There are many approaches to computing sample size. In public policy evaluation, for example, one is usually tented to check if there is statistical evidence on the impact of a intervention over a population of interest. This vignette is devoted to explain the issues that you commonly find when computing sample sizes.
Note the definition of power is related to testing an hypothesis testing process. For example, if you are interested in testing if a difference of proportions is statistically significant, then your null hypothesis may look as following:
\[\begin{equation*} H_o: P_1-P_2=0 \ \ \ \ \ vs. \ \ \ \ \ H_a: P_1 -P_2 =D > 0 \end{equation*}\]
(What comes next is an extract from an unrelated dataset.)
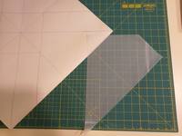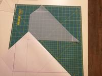 Теперь из этих точек проводим линии параллельно диагоналям. Для наглядности я начертила квадрат вместо принта Теперь обводим получившуюся фигуру каким-нибудь маркером, что бы было видно её через кальку и вырезаем из кальки выкройку.Обязательно на выкройке из кальки надо пометить лицо.
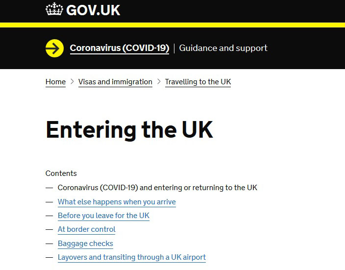 Британските власти са публикували и препоръки за спазването на задължителната 14-дневна карантина при пристигане в страната. Пристигащите трябва директно да се отправят към мястото, на което ще прекарат карантината. Придвижването може да става с личен транспорт, включително и с превозни средства на близки или приятели. Препоръчва се използването на обществен транспорт да става само при крайна необходимост. При използване на обществен транспорт, пътниците трябва да бъдат с покрити нос и уста, и да спазват дистанция от 2 метра.

Where \(D\), known as the null effect, is any value greater than zero. You must notice that this kind of test induces the following power function, defined as the probability of rejecting the null hypothesis. Second, you note that we should estimate \(P_1\) and \(P_2\) by using unbiased sampling estimators (e.g. Horvitz-Thompson, Hansen-Hurwitz, Calibration estimators, etc.), say \(\hat{P}_1\) and \(\hat{P}_2\), respectively. Third, in general, in the complex sample set-up, we can define the variance of \(\hat{P}_1 - \hat{P}_2\) as
\[Var(\hat{P}_1 - \hat{P}_2) = \frac{DEFF}{n}\left(1-\frac{n}{N}\right)(P_1Q_1+P_2Q_2)\]
Where \(DEFF\) is defined to be the design effect that collects the inflation of variance due to complex sampling design. Usually the power function is noted as \(\beta_D\):
\[\begin{align*} \beta_D &\leq Pr\left(\dfrac{\hat{P}_1-\hat{P}_2}{\sqrt{\frac{DEFF}{n}\left(1-\frac{n}{N}\right)(P_1Q_1+P_2Q_2)}} > Z_{1-\alpha} \left | \right. P_1 -P_2 =D \right)\\ &= 1-\Phi\left(Z_{1-\alpha} - \dfrac{D}{\sqrt{\frac{DEFF}{n}\left(1-\frac{n}{N}\right)(P_1Q_1+P_2Q_2)}} \right) \end{align*} \]
After some algebra, we find that the minimum sample size to detect a null effect \(D\), is
\[\begin{align} n \geq \dfrac{DEFF(P_1Q_1+P_2Q_2)}{\dfrac{D^2}{(Z_{1-\alpha}+Z_{\beta_D})^2}+\dfrac{DEFF(P_1Q_1+P_2Q_2)}{N}} \end{align}\]
###Some comments
##The ss4dpH
function
The ss4dpH
function may be used to plot a graphic that gives an idea of how the definition of \(D\) affects the sample size. For example, suppose that we draw a sample according to a complex design, such that \(DEFF=2\), for a finite population of \(N = 1000\) units. This way, if we define the null effect to be \(D=3\%\), then we should have to draw a sample of size \(n>\) 873 for the probability of rejecting the null hypothesis to be 80% (default of the power), with a confidence of 95% (default of the confidence). Notice that as null effect increases, sample size decreases.
## [1] 873
##The b4dp
function
The b4dp
function may be used to plot a figure that gives an idea of how the definition of the sample size \(n\) affects the power of the test. For example, suppose that we draw a sample according to a complex design, such that \(DEFF=2\), for a finite population of \(N = 1000\) units, a sample size of \(n>\) 873, a null effect of \(D=3\%\) and a confidence of 95%, then power of the test is \(\beta =\) 80.0228278%. Notice that as the sample size decreases, power also decreases.
## With the parameters of this function: N = 1000 n = 873 P1 = 0.5 P2 = 0.5 D = 0.03 DEFF = 2 conf = 0.95 .
## The estimated power of the test is 80.02283 .
##
## $Power
## [1] 80.02283
You may have been fooled for some people telling you do not need a large sample size. The sample size is an issue that you have to pay a lot of attention. The conclusions of your study could have been misleaded because you draw a sample with no enough size. For example, from last figure, one may conclude that with a sample size close to 600, the power of the test is as low as 30%. That is simple unacceptable in social research.